Exercise brief: From the listing below, copy only the lines running from the line that contains "Одна из наиболее" to the line that contains "Introducing the Solid", both included.

*** Opening of Extracted records ***

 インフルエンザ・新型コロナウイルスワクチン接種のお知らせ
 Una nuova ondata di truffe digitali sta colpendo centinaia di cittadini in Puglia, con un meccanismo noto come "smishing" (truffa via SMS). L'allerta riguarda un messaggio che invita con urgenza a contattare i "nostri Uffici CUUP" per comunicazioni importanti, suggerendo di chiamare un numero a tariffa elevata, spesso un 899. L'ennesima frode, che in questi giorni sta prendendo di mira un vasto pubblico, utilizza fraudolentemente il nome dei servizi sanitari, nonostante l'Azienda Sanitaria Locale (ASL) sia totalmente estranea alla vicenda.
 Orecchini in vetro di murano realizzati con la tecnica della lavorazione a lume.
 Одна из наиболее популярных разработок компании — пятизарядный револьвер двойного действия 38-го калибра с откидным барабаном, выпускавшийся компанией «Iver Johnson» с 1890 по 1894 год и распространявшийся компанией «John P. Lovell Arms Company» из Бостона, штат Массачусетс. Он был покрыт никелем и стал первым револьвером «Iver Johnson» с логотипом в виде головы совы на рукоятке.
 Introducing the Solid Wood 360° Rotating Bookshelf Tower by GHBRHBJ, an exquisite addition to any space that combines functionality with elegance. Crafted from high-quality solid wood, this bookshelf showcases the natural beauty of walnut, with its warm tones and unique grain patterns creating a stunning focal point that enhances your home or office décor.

*** Close of Extracted records ***
*** Opening of Extracted records ***

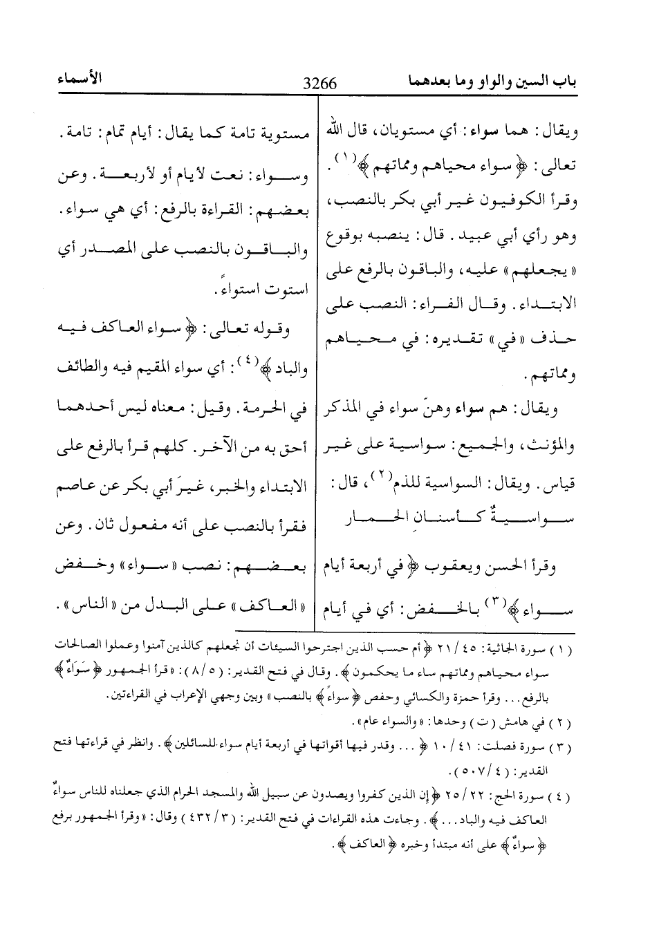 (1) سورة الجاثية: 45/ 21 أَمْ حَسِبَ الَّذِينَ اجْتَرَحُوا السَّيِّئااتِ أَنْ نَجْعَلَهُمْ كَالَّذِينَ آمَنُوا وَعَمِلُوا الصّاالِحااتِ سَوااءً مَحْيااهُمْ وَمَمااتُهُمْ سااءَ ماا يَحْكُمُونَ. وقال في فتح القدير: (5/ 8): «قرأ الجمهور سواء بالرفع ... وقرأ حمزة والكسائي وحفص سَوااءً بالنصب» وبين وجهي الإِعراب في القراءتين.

*** Close of Extracted records ***

Answer box:
 Одна из наиболее популярных разработок компании — пятизарядный револьвер двойного действия 38-го калибра с откидным барабаном, выпускавшийся компанией «Iver Johnson» с 1890 по 1894 год и распространявшийся компанией «John P. Lovell Arms Company» из Бостона, штат Массачусетс. Он был покрыт никелем и стал первым револьвером «Iver Johnson» с логотипом в виде головы совы на рукоятке.
 Introducing the Solid Wood 360° Rotating Bookshelf Tower by GHBRHBJ, an exquisite addition to any space that combines functionality with elegance. Crafted from high-quality solid wood, this bookshelf showcases the natural beauty of walnut, with its warm tones and unique grain patterns creating a stunning focal point that enhances your home or office décor.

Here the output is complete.